Containers and Docker — Deep Dive
Level: Beginner → Intermediate
Pre-reading: 09 · Deployment & Infrastructure
Container Concepts
| Concept | Description |
|---|---|
| Image | Immutable template containing app + dependencies |
| Container | Running instance of an image |
| Registry | Repository for storing images |
| Layer | Image built in layers; shared between images |
Dockerfile Best Practices
# Use specific version, not latest
FROM eclipse-temurin:17-jre-alpine
# Non-root user
RUN addgroup -S appgroup && adduser -S appuser -G appgroup
USER appuser
# Copy only what's needed
COPY --chown=appuser:appgroup target/app.jar /app/
# Expose port documentation
EXPOSE 8080
# Health check
HEALTHCHECK --interval=30s --timeout=3s \
CMD wget -q --spider http://localhost:8080/actuator/health || exit 1
# Clear entrypoint
ENTRYPOINT ["java", "-jar", "/app/app.jar"]
Multi-Stage Builds
# Build stage
FROM maven:3.9-eclipse-temurin-17 AS build
WORKDIR /app
COPY pom.xml .
RUN mvn dependency:go-offline
COPY src ./src
RUN mvn package -DskipTests
# Runtime stage (smaller image)
FROM eclipse-temurin:17-jre-alpine
COPY --from=build /app/target/app.jar /app/app.jar
ENTRYPOINT ["java", "-jar", "/app/app.jar"]
| Without Multi-Stage | With Multi-Stage |
|---|---|
| 800MB+ (includes Maven, JDK) | ~150MB (JRE only) |
Image Security
| Practice | Rationale |
|---|---|
| Minimal base image | Less attack surface (alpine, distroless) |
| Non-root user | Limit container privileges |
| No secrets in image | Use runtime injection |
| Scan for vulnerabilities | Trivy, Snyk |
| Pin versions | Reproducible builds |
Container vs VM
| Aspect | Container | VM |
|---|---|---|
| Isolation | Process-level | Hardware-level |
| Size | MBs | GBs |
| Startup | Seconds | Minutes |
| Resource usage | Shared kernel | Full OS per VM |
Why use multi-stage builds?
Multi-stage builds create smaller, more secure images by separating build dependencies from runtime.
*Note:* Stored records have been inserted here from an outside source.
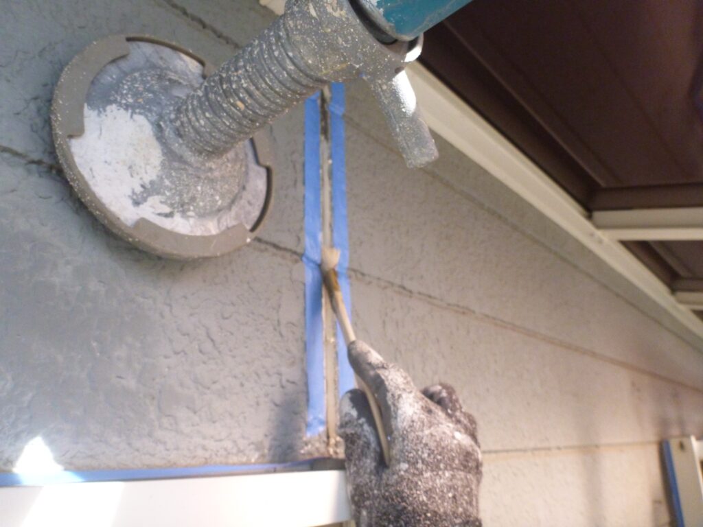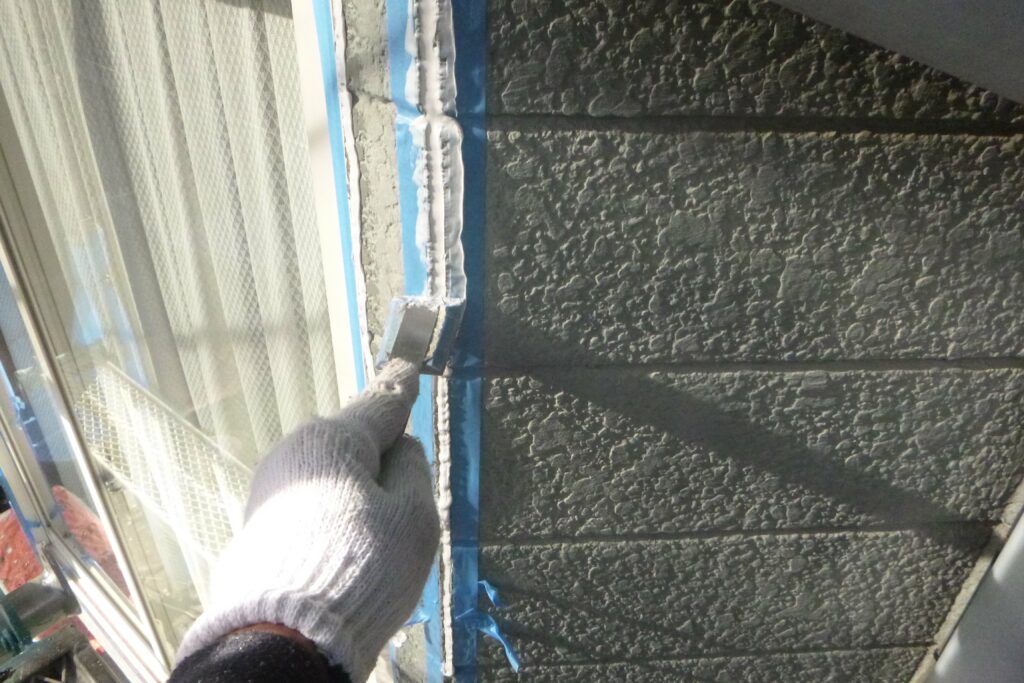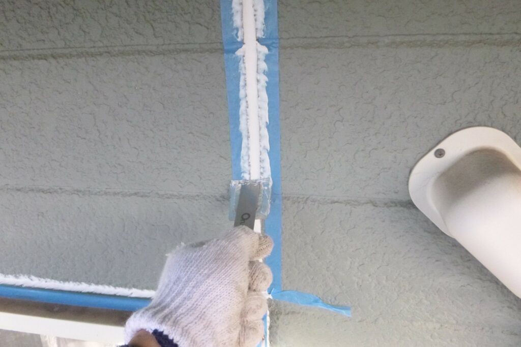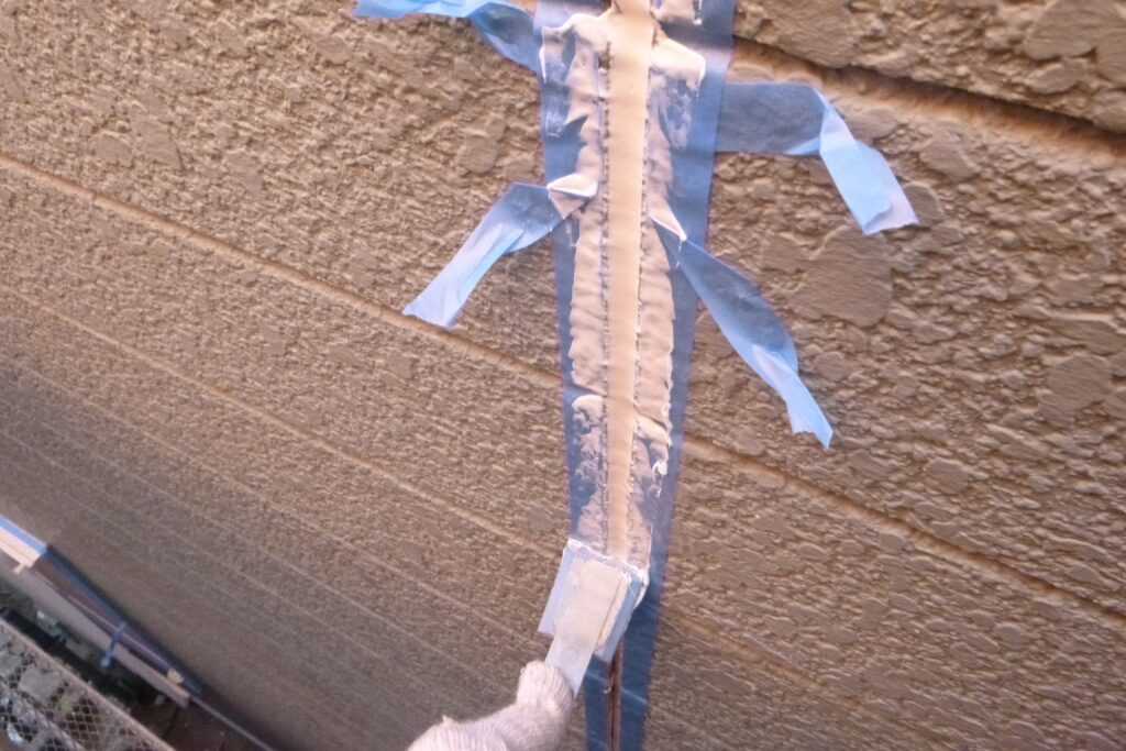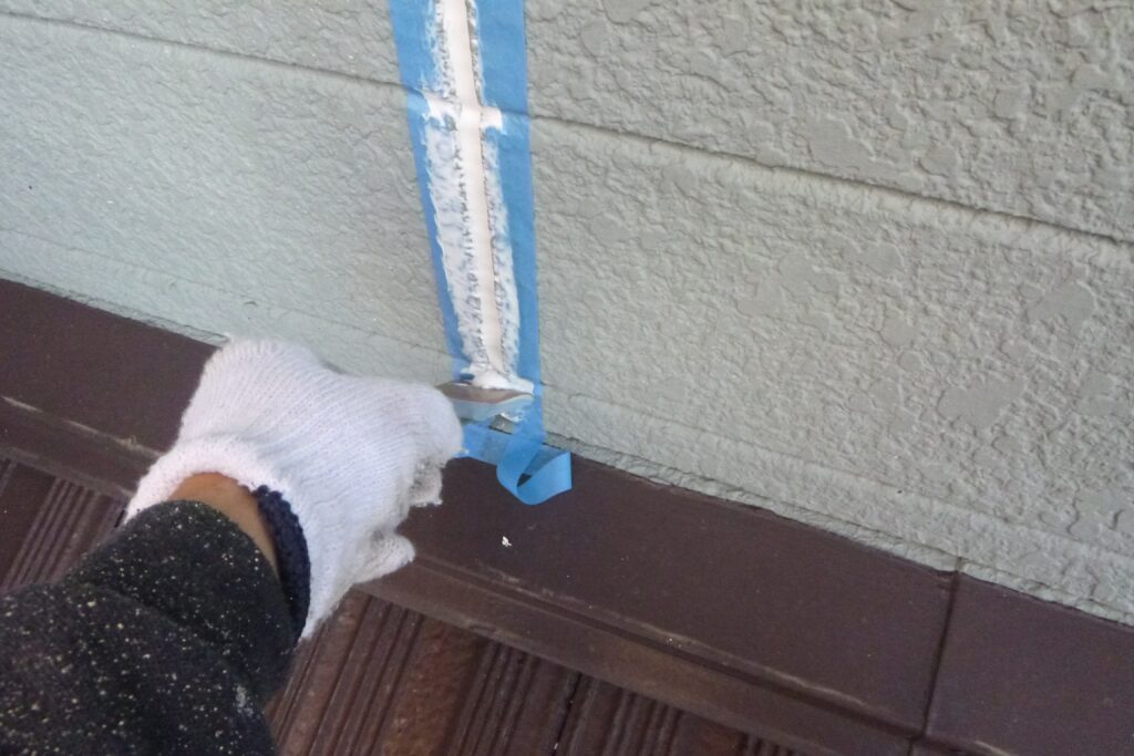 充填したシーリングをヘラで均してテープを剥がしたら完了です。
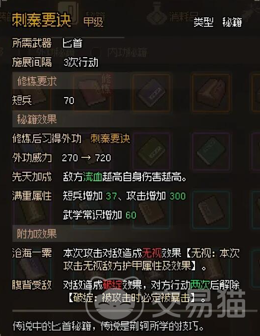 刺秦要诀是专门对匕首进行加成的超强功法,能让短兵属性提升37点的同时增加300点攻击力,同时当使用匕首对处于流血状态的敌人造成伤害时会根据对手流血的层数提升伤害,这个外功最重要的一点就是可以无视敌人的护甲属性及效果,相当于大家面板攻击属性是多少就能给对手造成多少伤害,而且还会给敌人造成破绽效果,处于破绽状态的对手被攻击时必定触发暴击,这两个效果一叠加,打boss直接就能表演一波血条消失术,非常给力。
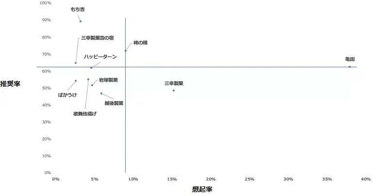 散布図に注目すると、「亀田」の想起率が非常に高いです。一方「もち吉」は、想起率は低いものの、推奨率は上位にあります。このことから、もち吉購入者の大半から支持を得ていることが伺えます。
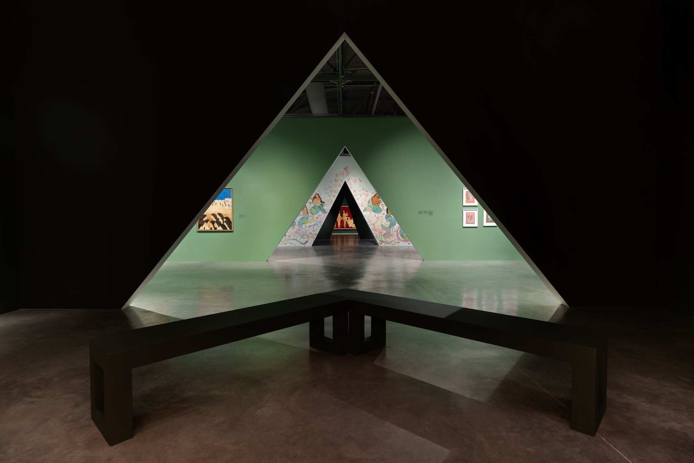 The curatorial layout draws inspiration from the Persian and Mughal 'char-bagh', a quadrilateral garden divided by water channels with a central fountain. These sixteenth- and seventeenth-century landscapes embodied harmony, spirituality, and transcendence. Within 'The Garden', this structure becomes a poetic framework, echoing Schahbaz’s language of multiplicity and transformation. It is important to note that the works were not created to fit this scheme; rather, the 'char-bagh' is a curatorial concept that provides a lens for navigating the artist’s fluid and expansive practice.
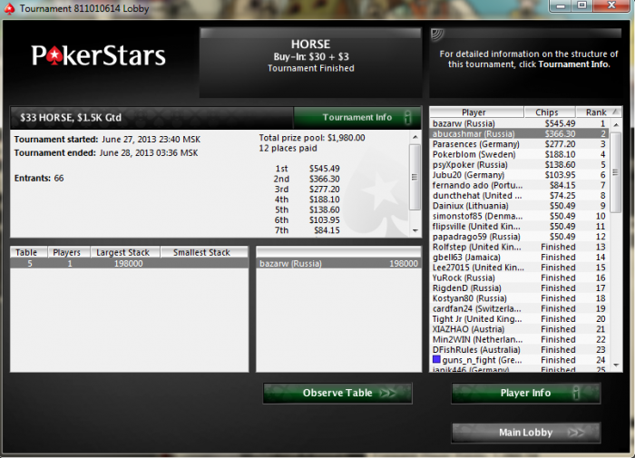 испытываю желание зарабатывать покером, думаю может получиться, план простой соблюдать БРМ (его рамки сформирую попозже) именно этого мне, как я думаю, не хватало. занес пару турниров и посчитал что великий, давай по 22, 55, 109 по 215 с банкроллом в 1К!)))
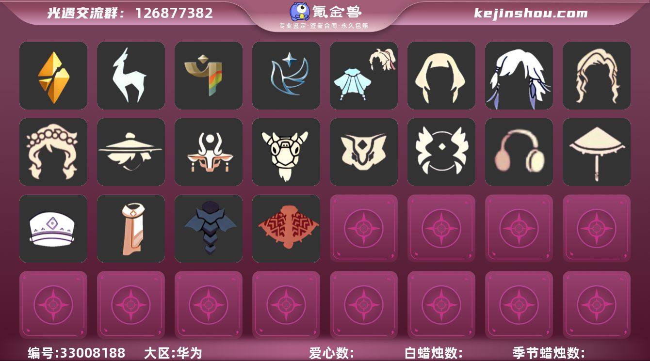 爱心数:12/晨岛/云野/雨林/破晓季/九色鹿季/彩染季/青鸟季/冥龙斗篷/留辫蘑菇头/五塑彩羽发/九色鹿丸子头/九色鹿丝带裤/九色鹿飞天斗篷/辉光羚羊面具/彩染围巾斗篷/青鸟毕业面饰/青鸟斗篷/青衫落拓礼包/冥龙南瓜/虚荣/花环/红耳机/若笠/平顶帽/黑金斗篷/红金斗篷/雨伞/黄鼠狼/羊头面具/猫猫头/归巢毕业发型/花环长发/玉兔发饰/创始人斗篷/围巾斗篷
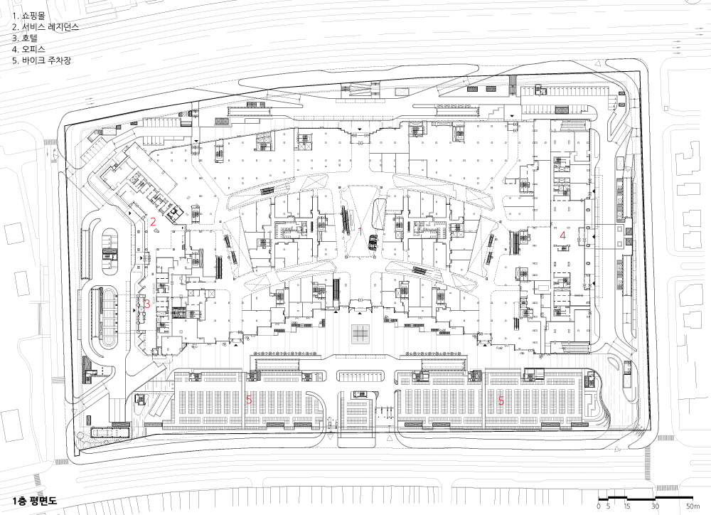 쇼핑몰은 1층부터 5층까지 위치하고 있다. 세 개의 천창을 통해 자연채광과 넓고 개방적인 공간감을 선사해 고객들에서 더 나은 환경과 경험을 제공하고 있으며, 중앙 천창 아래에는 2개 층을 가로지르는 익스프레스 에스컬레이터가 있어 2층에서 4층의 복합문화공간에 대한 접근성을 높이는 동시에 내부 브릿지와 같은 역할을 하고 있다.
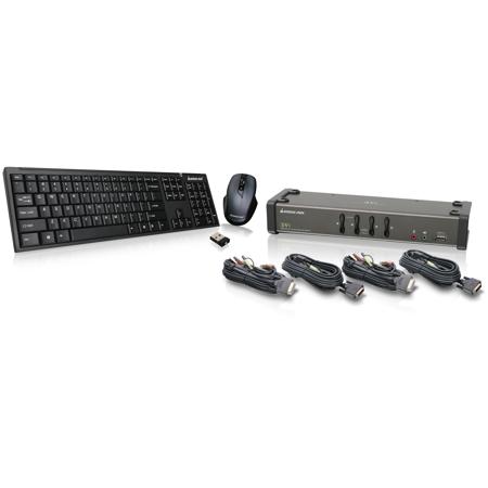Iogear 4-Port Dvi Kvmp Switch Usb Console, Usb Peripherals, Audio & Wireless Keyboard (Taa) - GCS1104-KM1
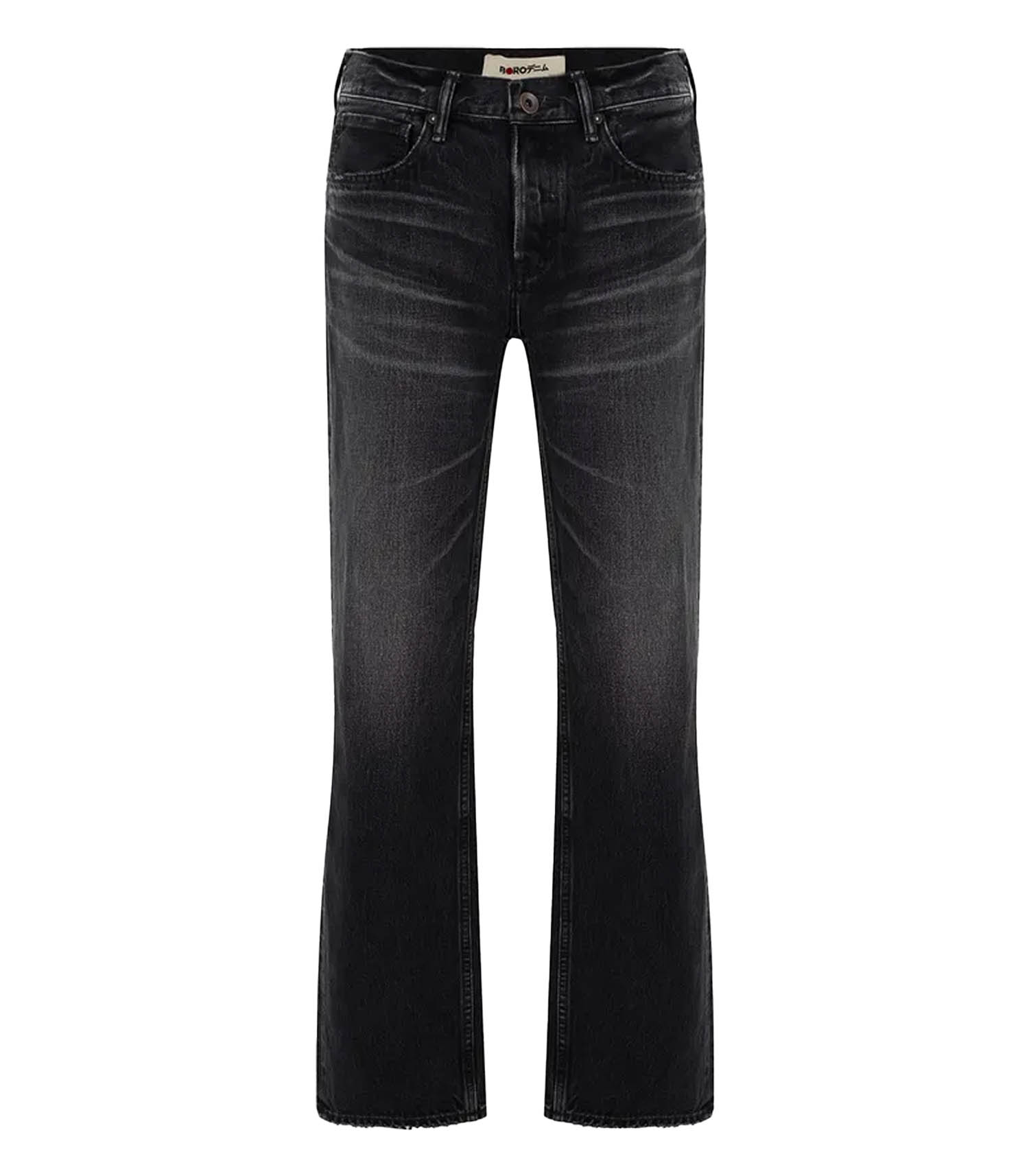 Jean brut noir à 5 poches coupe droite avec moustache au niveau des poches sur le devant. Fermeture à boutons.
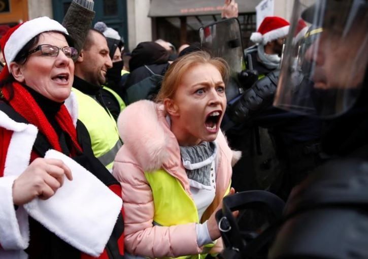 El movimiento de los “chalecos amarillos” comenzó a mediados de noviembre con protestas en las intersecciones y rotondas contra los aumentos de impuestos a los combustibles, pero rápidamente se convirtió en una movilización más amplia contra las políticas económicas de Macron.
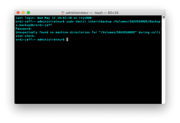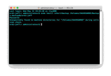 - glissez-déposez dans la fenêtre du Terminal, le dossier qui porte le nom de ton Mac et se trouvant à l'intérieur du dossier Backup.backupsdb du nouveau disque Time Machine
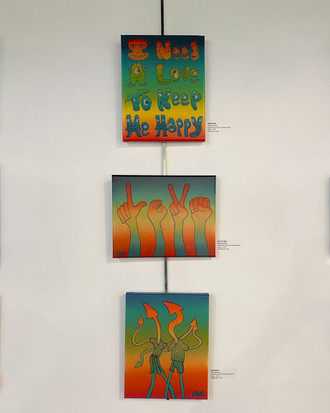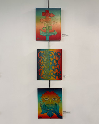 "I believe my art performs best when it subtly blends many styles, influences, and media into something unique for that moment. A lot of my work uses themes of nature and historical popular culture references. The mediums I have been using most are acrylics, paint markers, and spray paint. I also enjoy making sculpture. I usually make those out of sculpey or foam and sometimes adhere them to found objects. My main process starts by writing down ideas throughout the day and later revising them into drawings. Depending on the idea in the drawing, I then choose a medium to start working with. When it all goes well, I finish with a fully realized illustration, painting, or sculpture."
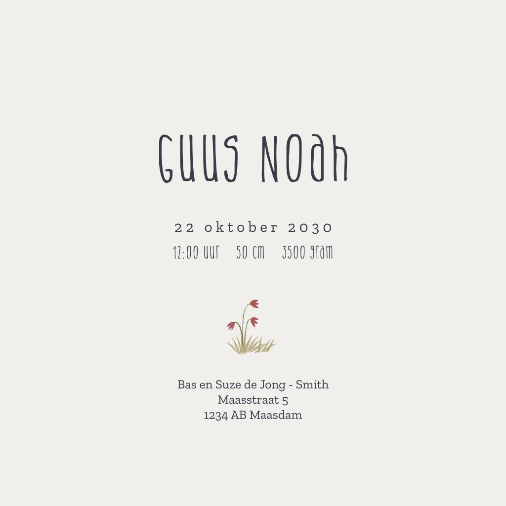 Avontuurlijk geboortekaartje met muisje in bos en goudfolie
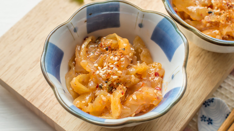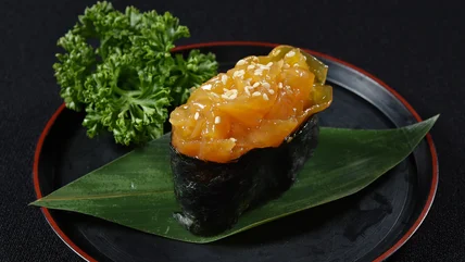 Not all jellyfish are edible. Only about a dozen varieties are safe to eat, and they must be thoroughly cleaned and carefully prepared to get rid of harmful bacteria. It is typically soaked in brine for a few days and dried before being served. The color can indicate freshness: Light yellow or white raw jellyfish is generally safe to eat, while darker yellow or brown indicates it may be unsafe for consumption. Keep in mind, however, that the soy sauce and other marinades restaurants add to jellyfish can alter the color. In addition to sushi rolls, jellyfish is often served in Japan as a dish called chuka kurage, which means seasoned jellyfish. This consists of strips of jellyfish cooked in sesame seeds or oil with seasonings such as red chili flakes.

Build stage includes compilers, build tools. Runtime stage includes only what's needed to run. Result: faster pulls, smaller attack surface.
Why run containers as non-root?
If a container is compromised, non-root limits damage. Root in container = root on host (with certain misconfigurations). Always use non-root unless absolutely necessary.
Alpine vs Distroless — which to choose?
Alpine: Minimal Linux with shell and package manager; easy to debug. Distroless: No shell, no package manager; smallest attack surface. Use Alpine for development; consider Distroless for production security-critical apps.